PROMPT:
Return the following from the records below: each line, word for word, starting with the line that contains "Платный общественный туалет" and going on through the line that contains "適合截面積不超過 2.5mm2 的多股或單股電纜。", with nothing outside that range.

INPUT MATERIAL:
═══
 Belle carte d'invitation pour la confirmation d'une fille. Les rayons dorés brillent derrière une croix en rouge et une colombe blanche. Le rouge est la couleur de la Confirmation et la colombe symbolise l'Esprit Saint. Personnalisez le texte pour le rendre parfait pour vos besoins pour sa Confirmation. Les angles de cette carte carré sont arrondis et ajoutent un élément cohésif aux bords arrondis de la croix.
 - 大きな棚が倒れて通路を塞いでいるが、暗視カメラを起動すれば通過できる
═══
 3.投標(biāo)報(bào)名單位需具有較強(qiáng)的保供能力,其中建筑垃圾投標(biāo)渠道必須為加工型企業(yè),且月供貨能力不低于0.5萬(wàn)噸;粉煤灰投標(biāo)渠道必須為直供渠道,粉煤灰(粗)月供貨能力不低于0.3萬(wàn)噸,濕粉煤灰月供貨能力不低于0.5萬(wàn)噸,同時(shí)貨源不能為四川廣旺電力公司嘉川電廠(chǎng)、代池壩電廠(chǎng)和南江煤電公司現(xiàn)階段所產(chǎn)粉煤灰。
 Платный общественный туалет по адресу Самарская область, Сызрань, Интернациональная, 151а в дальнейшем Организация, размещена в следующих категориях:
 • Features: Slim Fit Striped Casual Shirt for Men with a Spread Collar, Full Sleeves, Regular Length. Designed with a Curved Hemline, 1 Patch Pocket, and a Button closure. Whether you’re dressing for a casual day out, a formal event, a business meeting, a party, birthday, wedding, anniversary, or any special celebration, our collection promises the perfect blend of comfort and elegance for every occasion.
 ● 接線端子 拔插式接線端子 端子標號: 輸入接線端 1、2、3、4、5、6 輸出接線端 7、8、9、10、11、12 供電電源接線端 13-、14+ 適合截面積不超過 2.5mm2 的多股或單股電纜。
═══
EXERCISE SOLUTION:
 Платный общественный туалет по адресу Самарская область, Сызрань, Интернациональная, 151а в дальнейшем Организация, размещена в следующих категориях:
 • Features: Slim Fit Striped Casual Shirt for Men with a Spread Collar, Full Sleeves, Regular Length. Designed with a Curved Hemline, 1 Patch Pocket, and a Button closure. Whether you’re dressing for a casual day out, a formal event, a business meeting, a party, birthday, wedding, anniversary, or any special celebration, our collection promises the perfect blend of comfort and elegance for every occasion.
 ● 接線端子 拔插式接線端子 端子標號: 輸入接線端 1、2、3、4、5、6 輸出接線端 7、8、9、10、11、12 供電電源接線端 13-、14+ 適合截面積不超過 2.5mm2 的多股或單股電纜。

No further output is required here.